La
causalidad, el caprichoso destino, o quien sabe incluso si la macabra
intención de los autores, han querido que uno de los atentados
perpetrados en París el pasado viernes tuviera lugar en el boulevard
Voltaire de la capital francesa, y concretamente en el
establecimiento denominado Comptoir Voltaire. Eran aproximadamente
las diez menos cuarto de la noche, cuando un individuo entró en el
café y se sentó. Una camarera le preguntó qué quería beber.
Cuentan los testigos, vecinos del barrio que se habían reunido para
ver el partido entre Francia y Alemania en la pantalla gigante del
local, que el individuo se levantó sin más, se volvió y activó el chaleco con explosivos que portaba causando otro muerto y varios
heridos muy graves.
Fue
paradójicamente Voltaire uno de los pensadores más combativos
contra la intolerancia, especialmente de base religiosa. Lo hizo,
entre otras, en su obra “Tratado sobre la tolerancia”, publicada
en 1763 a raíz de la condena a muerte de Jean Calas en la ciudad de
Touluse, en la que tuvo un peso decisivo su condición de
protestante, como se vino a confirmar con la ulterior revisión del
caso y revocación de la condena, ya fatalmente ejecutada.
En aquél
libro Voltaire, que se declaraba buen católico, no sé si en serio o
con ironía, ataca sobre todo la intolerancia de la Iglesia Católica,
a quien achaca prácticamente y con más que discutibles argumentos,
el germen de toda intolerancia. Hoy en día, para cualquier
observador honesto estará claro que la intolerancia hay que
buscarla en otros lares, a pesar de lo cual la Iglesia Católica
sigue siendo el centro de los ataques de muchos, que sin embargo son
complacientes con otras religiones (véase el caso de la podemita
Rita Maestre, que nunca se ha desnudado en una mezquita).
La
tolerancia se ha convertido en una seña de identidad de Occidente,
yendo más allá de lo que preconizara Voltaire, que no buscaba más
que el simple respeto a la disidencia, para llegar al reconocimiento
de la igualdad de derechos para todos, incluidos los que piensan de
manera diferente a la corriente hegemónica. Pero al mismo tiempo se
ha convertido en una de las debilidades de nuestra civilización,
única que quizá merezca ese nombre, mal que les pese a algunos.

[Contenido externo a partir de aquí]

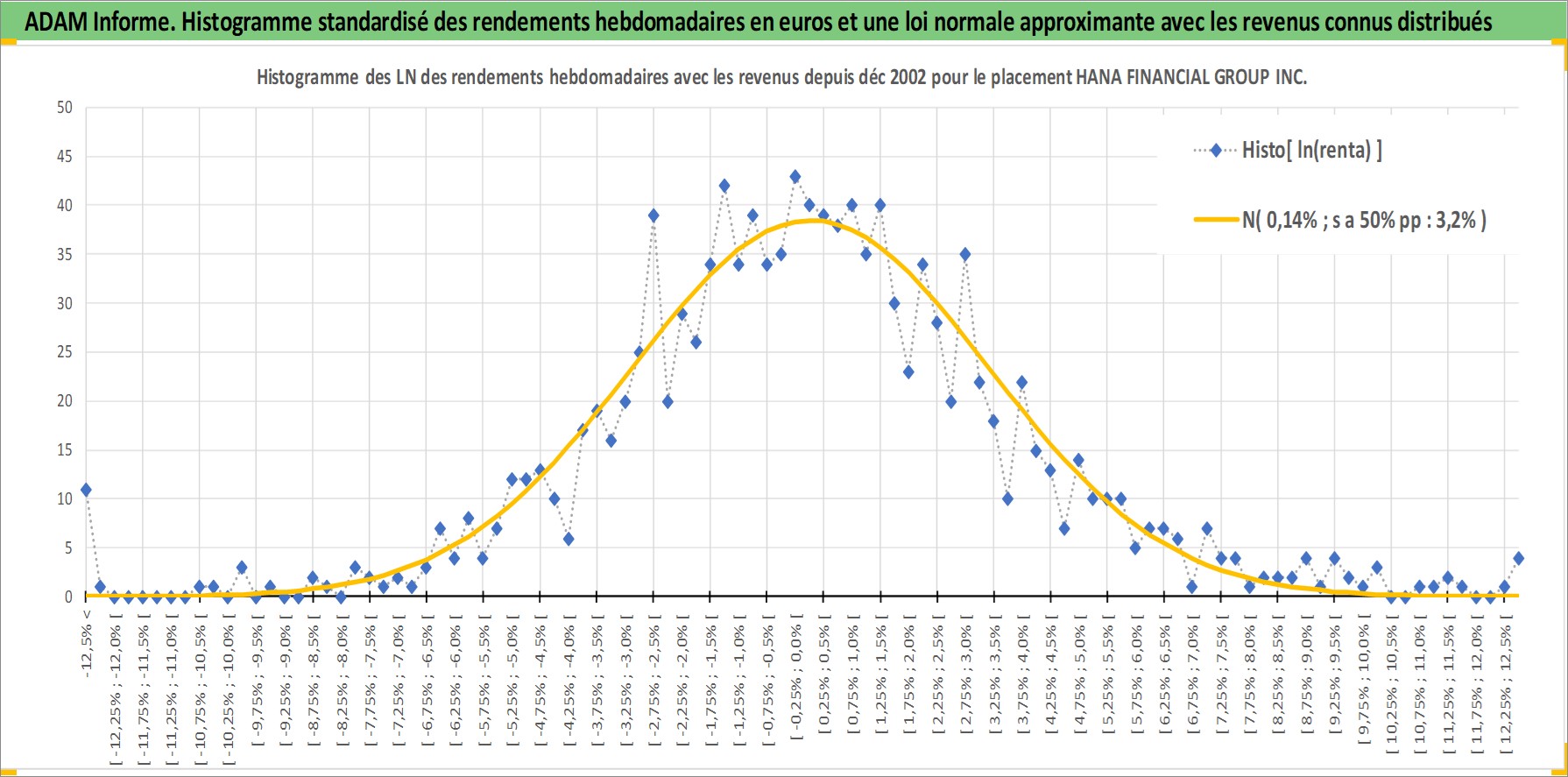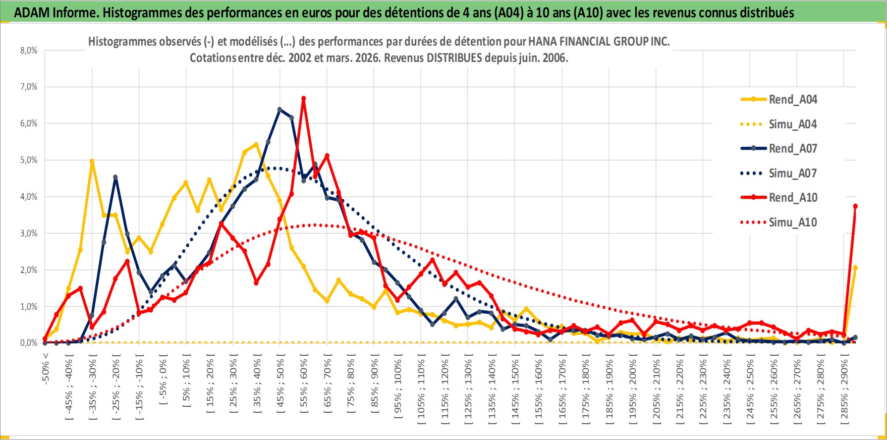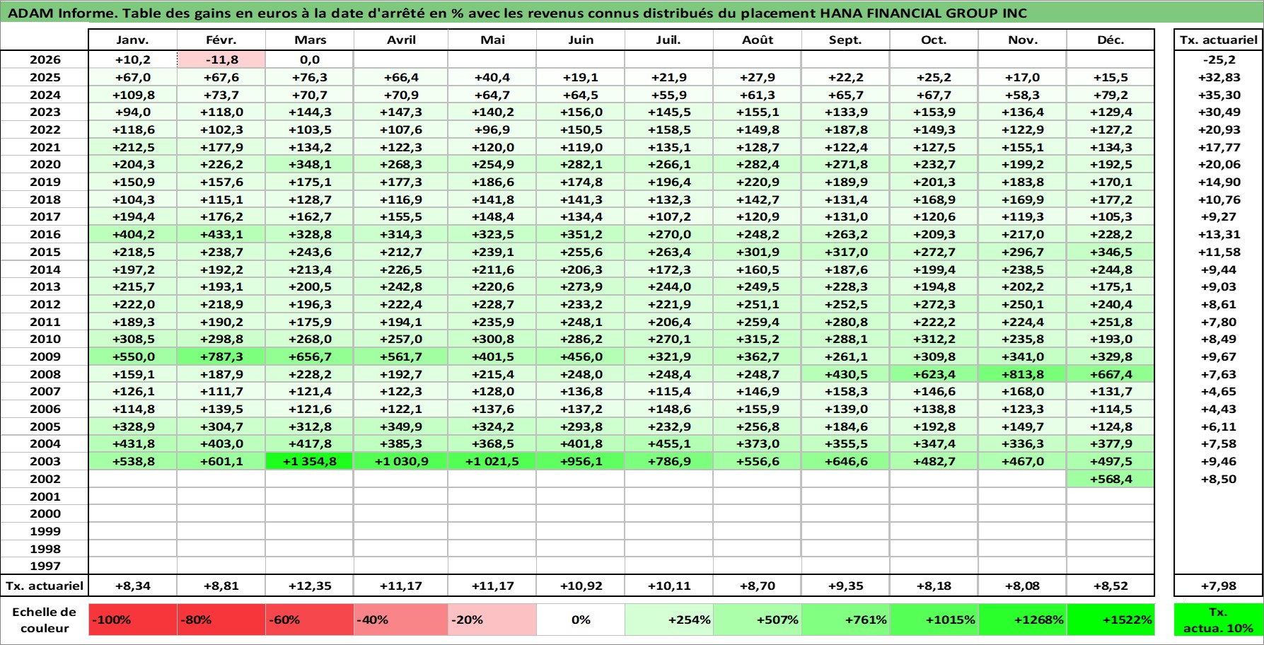 Site dédié aux investisseursPage dédiée sur site financeAnalyse des valorisations hebdomadaires de l'action HANA FINANCIAL GROUP INC. Cet actif est cote en KRW. Les valorisations sont en contrevaleur EURO et couvrent les semaines 2002W51 a 2026W13. Les revenus de cet actif financier sont pris en compte depuis la semaine 2006W26. La note globale ESG de cet actif est estimee a 7.0 (apres rebasage entre 0 et 20).

Sabido es que mientras en nuestros países, de tradición religiosa y
cultural cristiana, se permite la existencia de mezquitas, en muchas
de las cuales se predica el odio, en los países musulmanes no se
hace lo propio con las confesiones foráneas. No voy a apoyar que
se prohíban las mezquitas entre nosotros, pues defiendo para los
demás la libertad religiosa y de conciencia que quiero para mí,
pero sí que se sea mucho más riguroso en el control de las mismas,
de sus promotores y responsables y de sus actividades.
El propio
Voltaire define la tolerancia como “la panacea de la humanidad”,
pero al mismo tiempo señala sus posibles contraindicaciones, al
preguntarse si la tolerancia podría asimismo producir la
intolerancia. Para evitar esto marca unos límites, unas líneas
rojas, diríamos hoy: “es preciso que los hombres empiecen por no
ser fanáticos para merecer tolerancia.” “No cabe mostrase
tolerante con el fanatismo.” “La intolerancia es lo único
intolerable.” Para el filósofo ilustrado, fanáticos eran los
jesuitas, motivos por los que defendió la disolución y expulsión
de la Compañía del reino de Francia. Y eso que los jesuitas no asesinaron a más de ciento treinta personas indefensas e inocentes, cuyo única culpa
fue encontrarse descuidadamente disfrutando de su libertad en la
noche parisina.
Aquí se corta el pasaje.